# Exercise aim:
Restate the data below word for word, and let no image into your version.

# Material provided:
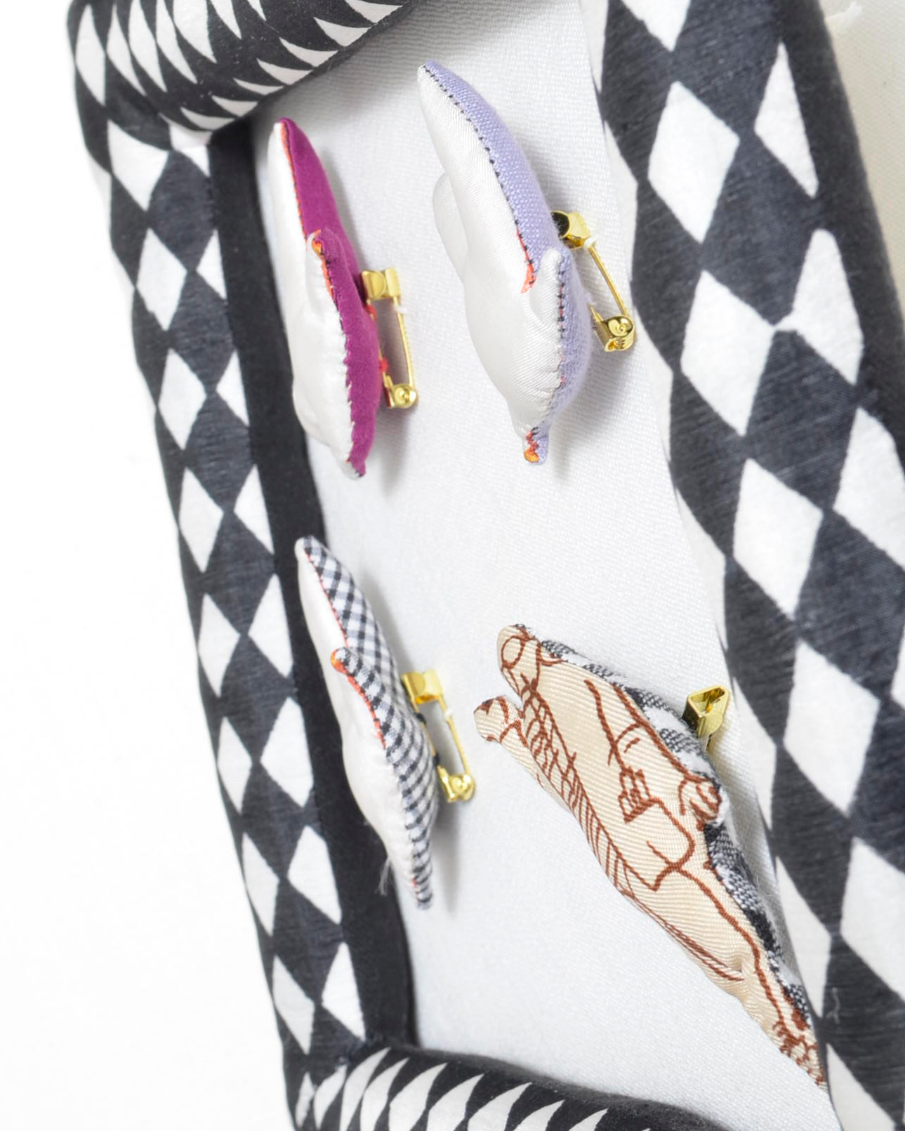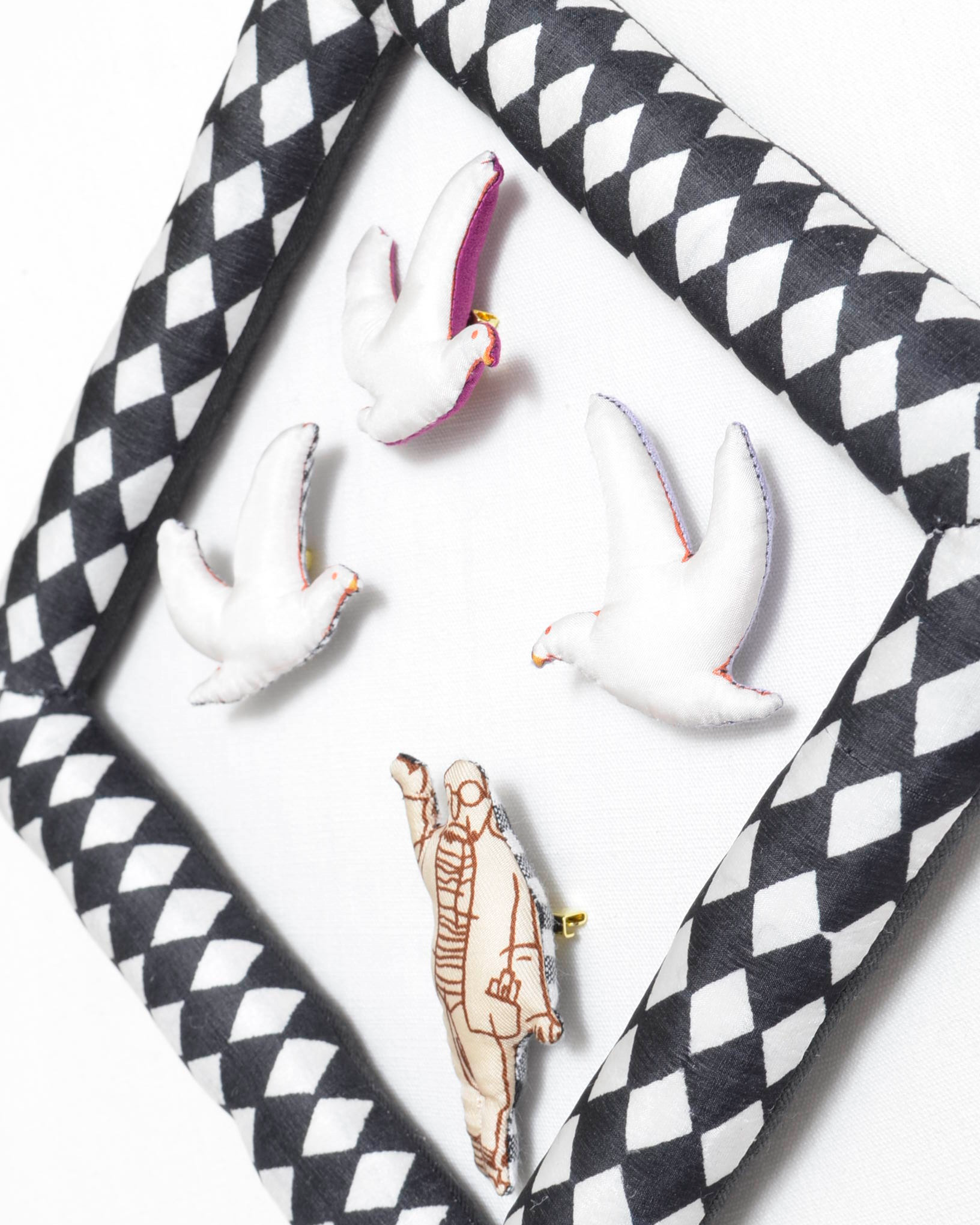 usedスカーフを切り抜いたひし形フレームに、三羽の鳩、おちゃめな紳士のバランスがユニーク。
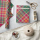 This stunning wrapping paper showcases a bold, modern tartan plaid with a striking diagonal pattern that catches the eye. The unconventional color palette is vibrant and sophisticated, featuring brilliant fuchsia red and deep emerald green, balanced by warm beige/tan and pops of bright orange. This is the perfect choice for an unconventional and fashion-forward holiday or any occasion that demands a unique, maximalist, and artistic gift wrap. Stand out with this incredibly stylish design.
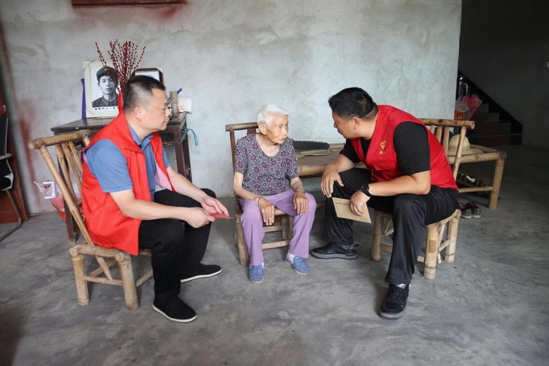 当天下午,赫山区退役军人事务局组织工作人员前往烈士亲属李银莲家中,为她送上了慰问金及节日的祝福,详细询问了她的生活状况和健康情况,并表达了对烈士亲属的深切关怀和崇高敬意。李银莲老人被这份情谊深深打动,眼眶中泛起了泪光。她激动地表示:“衷心感谢党和政府的关怀,这份温暖让我倍感安慰。”随后,志愿者们参与到了龙光桥街道锣鼓村赵家塘组烈属爱心路的维护工作,他们手持工具,清除道路两旁杂草和障碍物,让这条承载着英烈记忆的道路更加平坦、安全。

# Exercise result:
 usedスカーフを切り抜いたひし形フレームに、三羽の鳩、おちゃめな紳士のバランスがユニーク。
 This stunning wrapping paper showcases a bold, modern tartan plaid with a striking diagonal pattern that catches the eye. The unconventional color palette is vibrant and sophisticated, featuring brilliant fuchsia red and deep emerald green, balanced by warm beige/tan and pops of bright orange. This is the perfect choice for an unconventional and fashion-forward holiday or any occasion that demands a unique, maximalist, and artistic gift wrap. Stand out with this incredibly stylish design.
 当天下午,赫山区退役军人事务局组织工作人员前往烈士亲属李银莲家中,为她送上了慰问金及节日的祝福,详细询问了她的生活状况和健康情况,并表达了对烈士亲属的深切关怀和崇高敬意。李银莲老人被这份情谊深深打动,眼眶中泛起了泪光。她激动地表示:“衷心感谢党和政府的关怀,这份温暖让我倍感安慰。”随后,志愿者们参与到了龙光桥街道锣鼓村赵家塘组烈属爱心路的维护工作,他们手持工具,清除道路两旁杂草和障碍物,让这条承载着英烈记忆的道路更加平坦、安全。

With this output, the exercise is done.